After the last bout of exercise or rest, mice were given a 1-mL i.p. injection of thioglycollate. Thioglycollate is a nonspecific inflammatory stimulus that has been used for eliciting neutrophils into the peritoneal cavity. In an initial experiment, additional mice were used to determine the time of sacrifice after thioglycollate injection. A 3-h time point was determined to have an appropriate influx of neutrophil cells and was used in subsequent experiments. Because the majority of the cells elicited at this time point were neutrophils, PECs will be referred to as neutrophils. Mice were sacrificed 3 h after injection, and neutrophils were harvested via lavage and counted. Briefly, the lavage procedure consisted of a 5-mL i.p. injection of RPMI 1640 supplemented with 10% fetal bovine serum and 2% penicillin, streptomycin, and L-glutamine (PSG); the media was recovered after gentle agitation of the mouse. The volume of media recovered was variable; therefore, the results are expressed here as total cells per milliliter of media recovered. The number of neutrophils elicited into the peritoneal cavity after thioglycollate injection is representative of a response that could be observed during infection or inflammation.
Neutrophil respiratory burst.
Neutrophils were adjusted to a concentration of 1 × 106 million cells per milliliter in RPMI 1640 supplemented with PSG. Cells were then incubated with 1 μL of 2 '7'dichlorofluorescein diacetate (DCFH/DA) (0.5 mM) per milliliter of cell suspension, for a final concentration of 250 ng·mL−1. DCFH/DA is a viable dye that is taken up by the cells and that causes a green fluorescence during the presence of a respiratory burst. Cell suspensions were incubated at 37°C for 15 min. Five 1-mL aliquoits were made for each sample as follows: 0 time: DCFH/DA only; 15 min: DCFH/DA and phorbol myristate acetate (PMA); 30 min: DCFH/DA and PMA; 45 min: DCFH/DA and PMA; 60 min: DCFH/DA and PMA. Two microliters of PMA (1 μg·mL−1) were added to the appropriate tubes. The use of PMA is a well-characterized method used to stimulate respiratory burst activity in neutrophil cells. Tubes containing DCFH/DA only are representative of endogenous respiratory burst activity, and tubes containing PMA represent stimulated respiratory burst activity. The tubes were placed in the incubator at 37°C for the indicated times. After the incubation period, 1 mL of 1% paraformaldehyde was added to the tubes. The tubes were allowed to sit at room temperature before flow cytometric analysis. A Beckman Coulter Epics XL-MCL flow cytometer equipped with an argon ion laser operating at 488 nm and Research software were used to assess activity. Samples were analyzed for green fluorescence gated on PMN using forward and side scatter. A total of 5000 cells were counted in each reaction tube.

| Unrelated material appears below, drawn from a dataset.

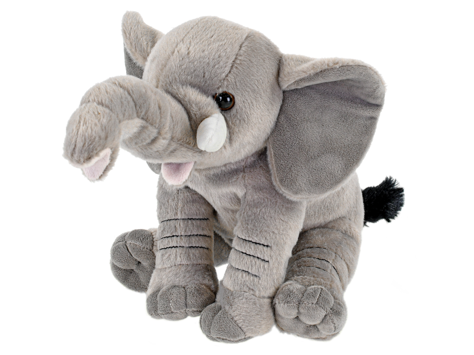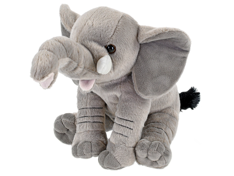 Ta siv plišasti slon s sedečo pozo, velikimi mehkimi ušeski in prikupnim ukrivljenim rilcem je izdelan iz izjemno prijetnega materiala, ki vabi k crkljanju. Zaradi kompaktne velikosti 20 cm se zlahka prilega v voziček, posteljico ali potovalno torbo.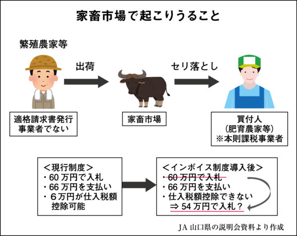 市内に繁殖農家は58軒あるが、そのなかには母牛を1、2頭飼って、年間に1頭程度、子牛を出荷するという零細な繁殖農家もいる。農協の説明によると、こうした小規模な繁殖農家が免税事業者のままでいた場合、家畜市場でおこなわれるセリで、買い付け人(肥育農家など)が消費税分を減額した価格で入札する可能性があるということだった【図参照】。

Statistical analyses were performed using commercially available statistical packages from the SAS system SigmaStat (version 2.03, SigmaStat, SPSS, Chicago, IL). Differences in treadmill run times in experiment 1 were analyzed using the Student's t-test in SigmaStat (P < 0.05). Differences in neutrophil respiratory burst, cell number, weight gain, and fluid consumption were compared using a two-way analysis of variance in SigmaStat with Student-Neumann-Keuls post hoc analysis (P < 0.05).
Run time to fatigue was not significantly different between the fatiguing exercise groups. Average run time to fatigue during the three exercise days was 119 ± 9 min for Ftg-H2O and 118 ± 8 min for Ftg-OβG. In addition, run times were not different on days 1-3 of exercise, indicating that the protocol was relatively well tolerated by the mice and that no apparent training effect occurred during this time period.
Nutrient consumption and weight gain.
There were no differences in the average amount of fluid consumed by either the oat β-glucan- or exercise-treated groups. During the course of the 10-d ingestion period, mice consumed approximately 6.2 mL·d−1 of fluid, resulting in a daily dose of approximately 3.7 mg of oat β-glucan per mouse. There was also no difference in body weight across the groups.
Neutrophils were elicited from mice after thioglycollate injection. The number of cells mobilized into the peritoneal cavity were counted and are expressed in million cells per milliliter lavaged. Fatiguing exercise (experiment 1) (P < 0.05) and oat β-glucan (P < 0.05) significantly increased neutrophil mobilization into the peritoneal cavity 3 h after thioglycollate injection (Fig. 1A). There was no effect of moderate exercise (experiment 2) on neutrophil mobilization (Fig. 1B).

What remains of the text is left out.